Exacto: eso es precisamente lo que tienes que perdonar. (Lo cual no quiere decir que tengas
obligación de creer en su

próxima promesa. Quiere decir que tienes que hacer todo lo posible por eliminar cualquier
regusto de rencor que haya en tu corazón, cualquier deseo de humillarle, de hacerle daño o de
vengarte). La diferencia entre este caso y aquel en que pides perdón a Dios es la siguiente:
cuando se trata de nosotros, aceptamos las excusas con demasiada facilidad; cuando se trata de
otros, no las aceptamos con suficiente facilidad. En el caso de mis pecados, es muy probable
(aunque no seguro) que las excusas no sean tan buenas como creo; en el caso de los pecados
que otros han cometido contra mí, es muy probable (aunque no seguro) que las excusas sean
mejores de lo que creo. Por eso hay que empezar por fijarse en todo aquello capaz de revelar que
el otro no ha tenido tanta culpa como pensábamos. No obstante, aunque sea absoluta y
plenamente culpable, aun así tenemos que perdonarle; y si un noventa y nueve por ciento de la
culpa aparente puede justificarse con excusas realmente buenas, el problema del perdón
empieza con ese uno por ciento de culpa restante. Excusar lo que de verdad puede proporcionar
buenas excusas no es caridad cristiana: es simplemente justicia. Ser cristiano significa perdonar
lo inexcusable, porque Dios ha perdonado lo que hay de inexcusable en ti.

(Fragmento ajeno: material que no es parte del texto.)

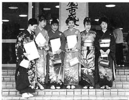
昨年行われた成人式

新しく成人となられたみなさんを祝福する「栃尾市成人式」を4月5日(日)に開催します。該当者には3月上旬に案内状を送付しました。もし、届かない場合は、社会教育課に連絡してください。 就学、就職などで市外に転出していても、実家が栃尾市にある人は、実家に案内状を送付しました。 問合せ 社会教育課 ☎52-1118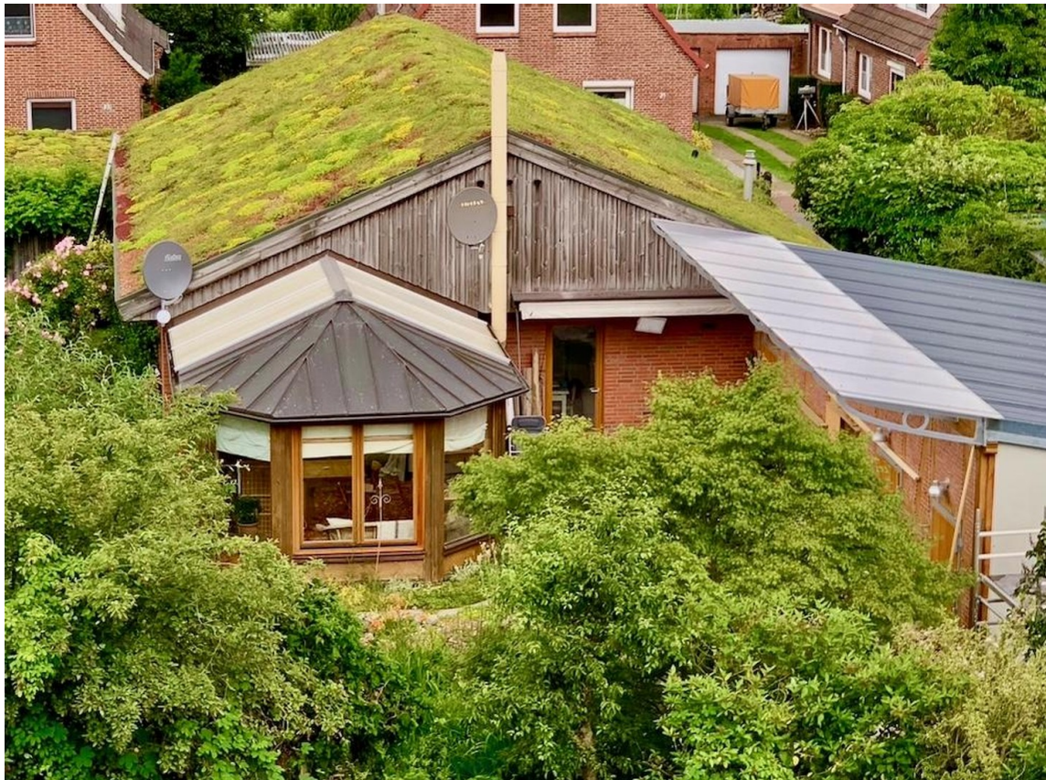
von Süden im Sommer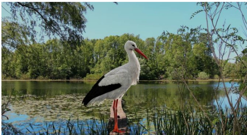
Slika 1. Roda u PP Lonjsko polje.

periodičnog godišnjeg poplavljanja, kada je jedan dio godine dobar dio područja pod vodom, stvaraju se preduvjeti za život raznih biljnih i životinjskih vrsta. Vrijednosti Parka i u međunarodnim okvirima čine njegova očuvana prirodna poplavna područja bogata florom i faunom specifičnom za ovaj kraj. Na slici 1. vidi se roda na prostoru Parka koja je karakteristična za ovaj krajolik.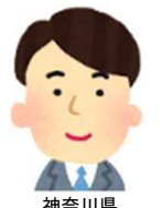
神奈川県 下請専門工事業者

「証紙を貼ったり、手帳をコピーする手間が省けたので楽になった。証紙を購入するために銀行へ行く手間や、証紙購入のために記入していた掛金収納書も書かずによくなったので全体的に建退共事務が楽になった。購入代金の支払いもインターネットバンキングですることができ、掛金収納書も印字できるのでそこもいい点だと思う。下請へ工事情報を渡す時も、下請から就労報告もらう時もメールでのやりとりだけになったので楽。様式も簡単に印刷できるのでいい。」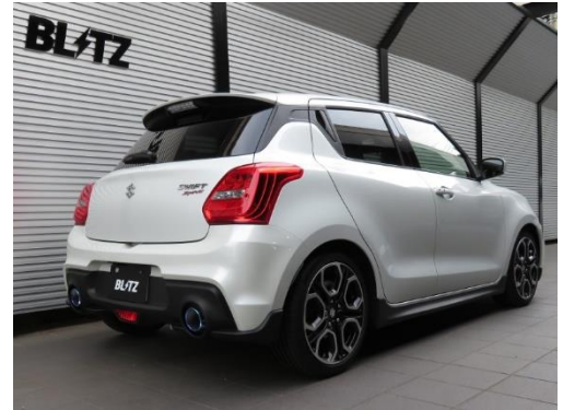
カスタムエディション VSR / チタンカラーテール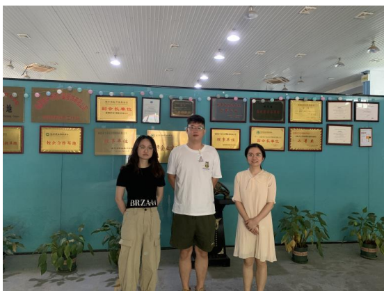
图7 教师下企业实践与教学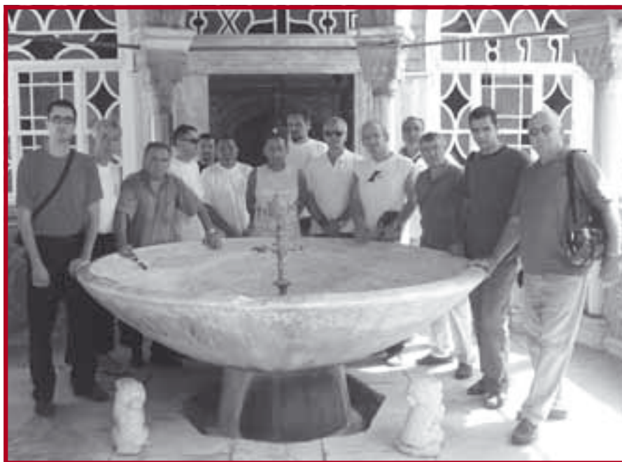
Испред крстионице у Великој Лаври

ради о царској задужбини, а огромни кипарис поред ње подсећа нас на њеног оснивача, Светог Атанасија Атонског, који га је ту наводно засадио. Његовом заслугом успостављена је у Лаври прва монашка заједница светогораца која је прихватила „општежиће“ (киновију), засновано на колективном животу, раду и молитви, уз одрицање од свих својих добара. До тада су преовлађивали усамљени пустињаци, аскете, тек понегде организовани у „особножиће“ (идиоритмију), лавбаву заједницу монаха који се самостално хране, поседују своју имовину, живе у издвојеним келијама, поштујући правила која сами себи одређују, и само о празницима се окупљају да би обавили заједничку службу. Ова два начина монашког живота вековима су постојала упоредо на Светој Гори, да би тек недавно „општешаје“ однео превагу. Оно почива на канонским правилима успостављеним тзв. типичима, неком врстом манастирских статута, од којих је први настао управо у Великој Лаври, из пера Атанасија Атонског, постајући узор за све касније. Због тога је овај манастир, поред своје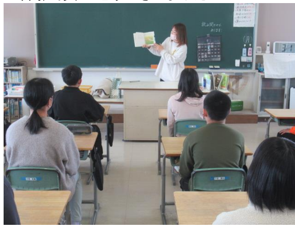
1年間、ありがとうございました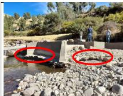
Fotografía N°01: Inicio Km 0+000, Bocatoma tipo Barraje se encuentra deteriorada por presentar socavación en la base.

Firmado digitalmente por: CRUZ HUANCHUQUI 41 986077 firm Motivo: Day Voto Sueldo Fecha: 07-01-2025 16:53:52 -05:00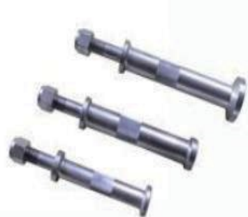
Triplex piston rods & nuts

RPS offers a full line of piston rods, extension rods, sub rods and clamps to triplex and duplex mud pump.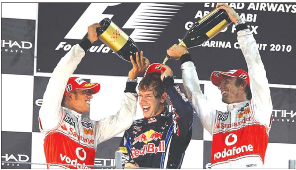
Pezsgőmámor. Sebastian Vettel (középen) a Forma-1 történetének legfiatalabb világbajnoka

A konstruktőröknél Red Bull (498), McLaren-Mercedes (454), Ferrari (396) volt a dobogós sorrend, a Mercedes 214, a Renault pedig 163 pontig jutott. ◀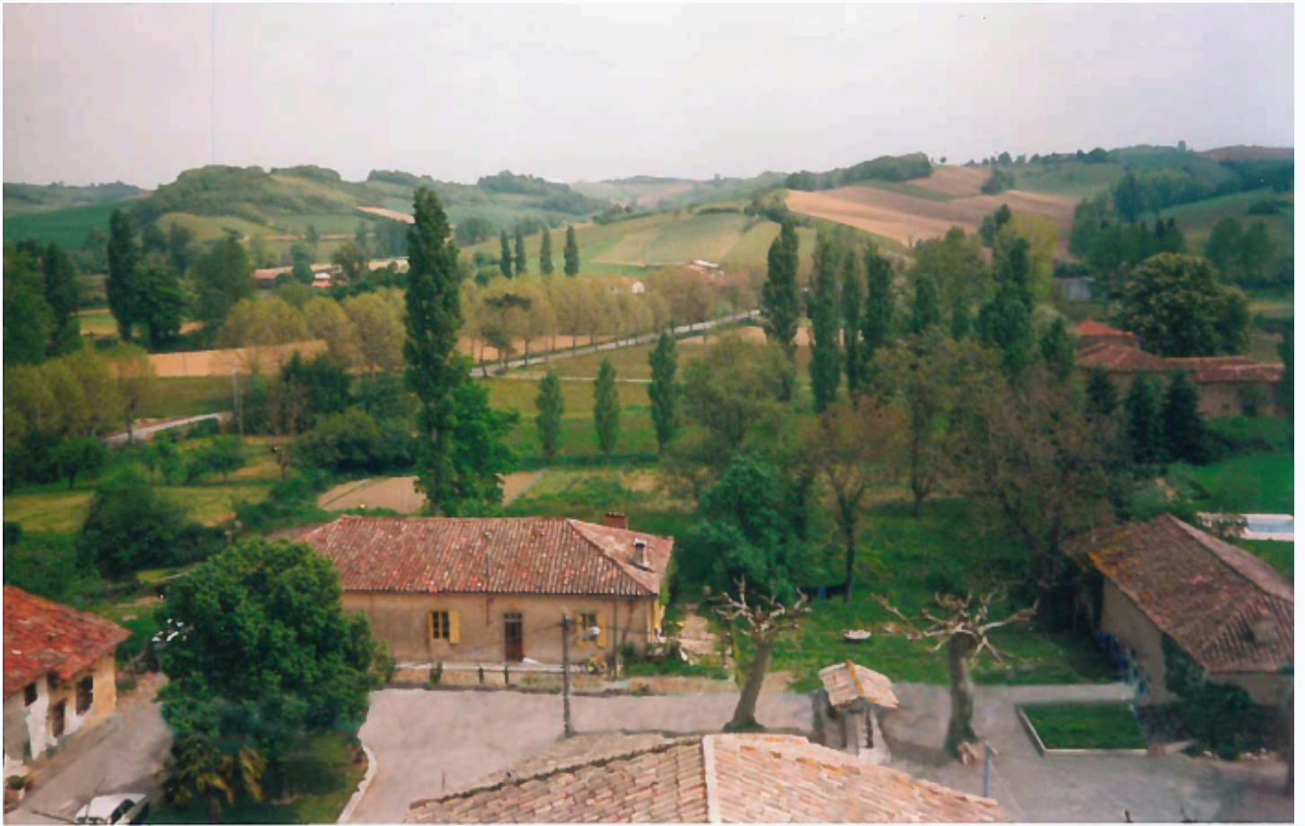
Chez Margot (Mairie actuelle) Vu de l'Église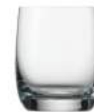
B657W1000014 Vaso Whisky Whisky Tumbler 190 ml | 6¾ oz H 81 mm | 3¼" Ø 67 mm | 2½" Palet 1.740 pcs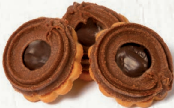
INTRECCIO NOCCIOLA CACAO B 73.02 \bar{\bar{18}} \text{ g} \pm 3 \bar{\bar{1,5}} \text{ Kg}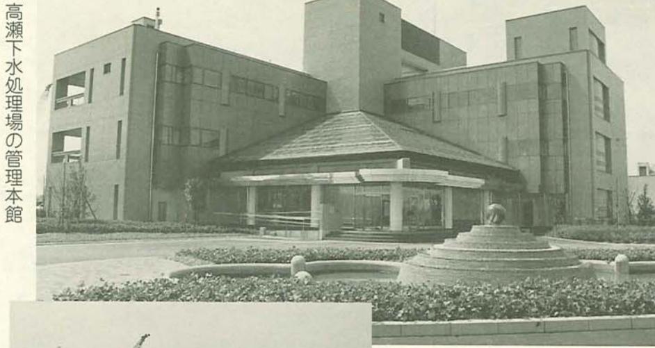
高瀬下水処理場の管理本館

高瀬処理区内の一部地域で供用を開始 市の中央部に位置する高瀬処理区は、下水道計画区域の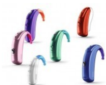
Obr. 2- sluchadla Phonak Sky B (PHONAK, 2022).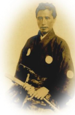
勝海舟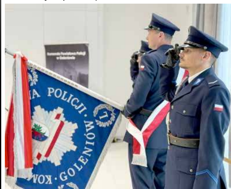
Uroczystość rozpoczęła wniesienie sztandaru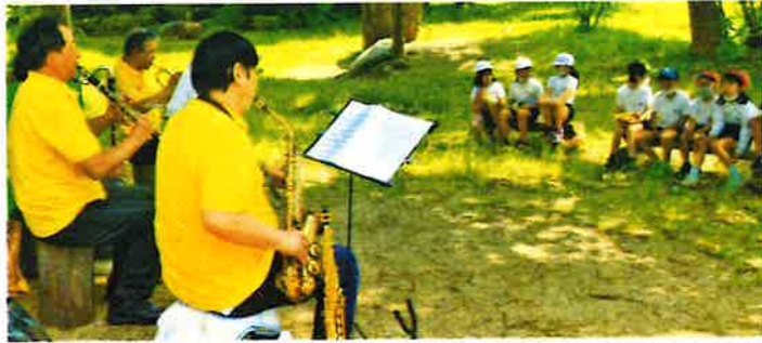
【蒲南の森ミニコンサート】(蒲南小)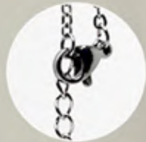
Pinza de langosta

Acero inoxidable. Largo máximo de la cadena: 56 cm. Letras disponibles: R, T, D, I, H. 3 meses de garantía.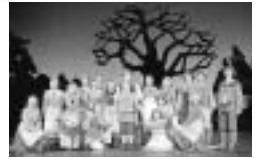
前回公演より

「わたしは魔女のマジョリン。年は123才、でも魔女の世界ではまだ小学生なの。。。」元気いっぱい、好奇心旺盛なマジョリンとユニークな魔女たちの冒険が、舞台いっぱいに繰り広げられます。夢いっぱいの魔法の世界を、ご家族全員でお楽しみください！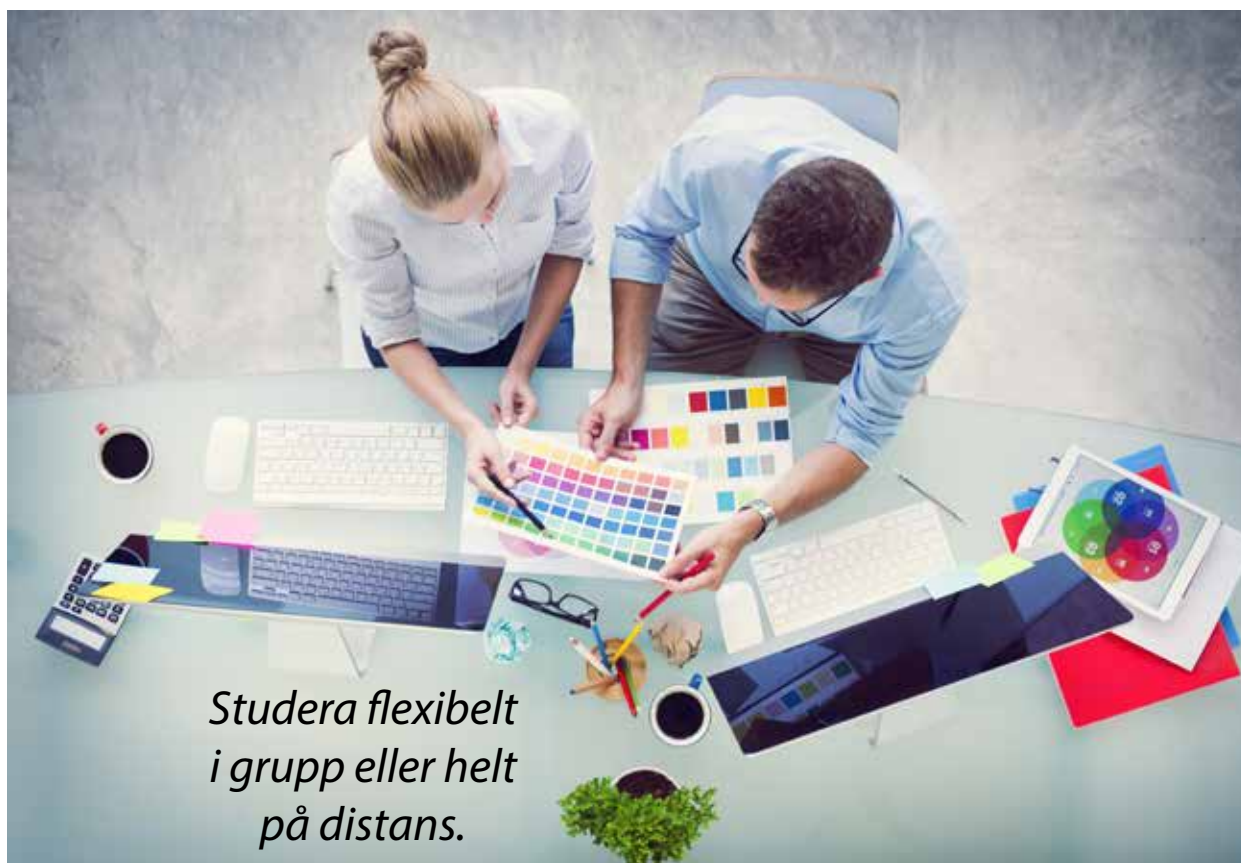
foto grafik media & ekonomi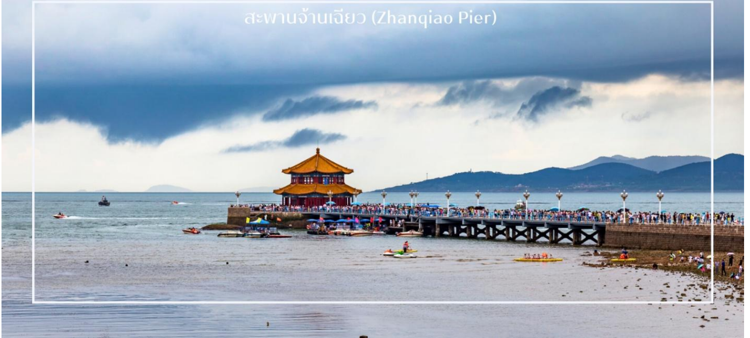
สะพานจ้านเจียว (Zhanqiao Pier)

นำท่านเดินชมบรรยากาศบน ถนนจงซาน (Zhongshan Road) ถนนสายเก่าแก่ใจกลางเมืองชิงเต่า ที่เต็มไปด้วยเสน่ห์ของอาคารสไตล์ยุโรปยุคอาณานิคมและกลิ่นอายเมืองท่าริมทะเลอันคึกคัก ถนนสายนี้ถือเป็นย่านการค้าสำคัญในอดีต ปัจจุบันเต็มไปด้วยร้านค้า ร้านอาหาร คาเฟ่ และร้านของฝากท้องถิ่นให้เลือกซื้ออย่างเพลิดเพลิน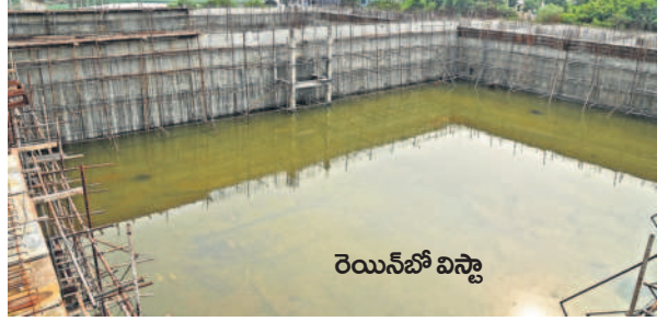
రెయిన్ బో విస్కా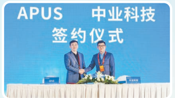
在2023河南省互聯網大會人工智能分會現場，中業科技與APUS公司簽署合作協議。

代信息技術、數據處理、人工智能相關技術與具體場景相結合。通過對語義理解、機器翻譯、人機交互三大核心技術領域的不斷深耕與錘煉，並與中業雲數據和人工智能算法的深度融合，賦予機器感知、交互和理解的能力，形成了AI+社交、AI+翻譯、AI+醫療、AI+機器人、AI+硬件等「AI+」（AI賦能）模塊，語音識別、智能翻譯、智慧交通、智慧醫療、智能製造等特色業務多元化的生態體系，讓人工智能更好地為實際生活服務，實現了從「解決人與人溝通」到「解決人與AI溝通」的創新轉變。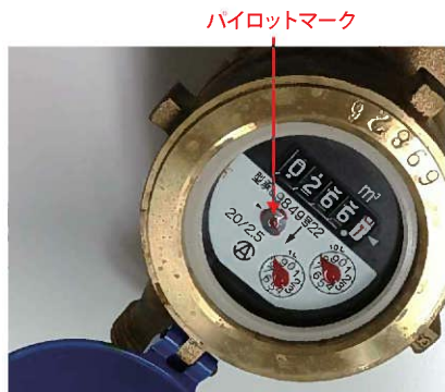
パイロットマーク

家の中で漏水が起きていないかどうか、簡単に確認する方法があります。家中の蛇口を全て閉めてから、*水道メーターのパイロットマーク(写真参照)を確認してください。わずかでもゆっくりと回っていたら、どこかで水が漏れている可能性があります。「もしかして、漏水かな?」と思ったら、池田市指定管工事協同組合(TEL:072-750-6388)又は、池田市指定給水装置工事事業者までご連絡ください。

Esto es algo que cuesta. Quizá no cueste tanto perdonar una única ofensa grave. Pero ¿cómo
perdonar las constantes provocaciones de la vida diaria: perdonar una y otra vez a la suegra
dominante, al esposo tirano, a la esposa gruñona, a la hija egoísta, al hijo mentiroso? Sólo
podemos hacerlo, creo yo, recordando cuál es nuestra posición, dando sentido a nuestras
palabras cuando por la noche rezamos

"perdona nuestras ofensas como también nosotros perdonamos a los que nos ofenden". El
perdón que recibimos no tiene otra condición. Negarlo es negar la misericordia de Dios para con
nosotros. No existe un solo indicio de excepciones y Dios quiere decir lo que dice.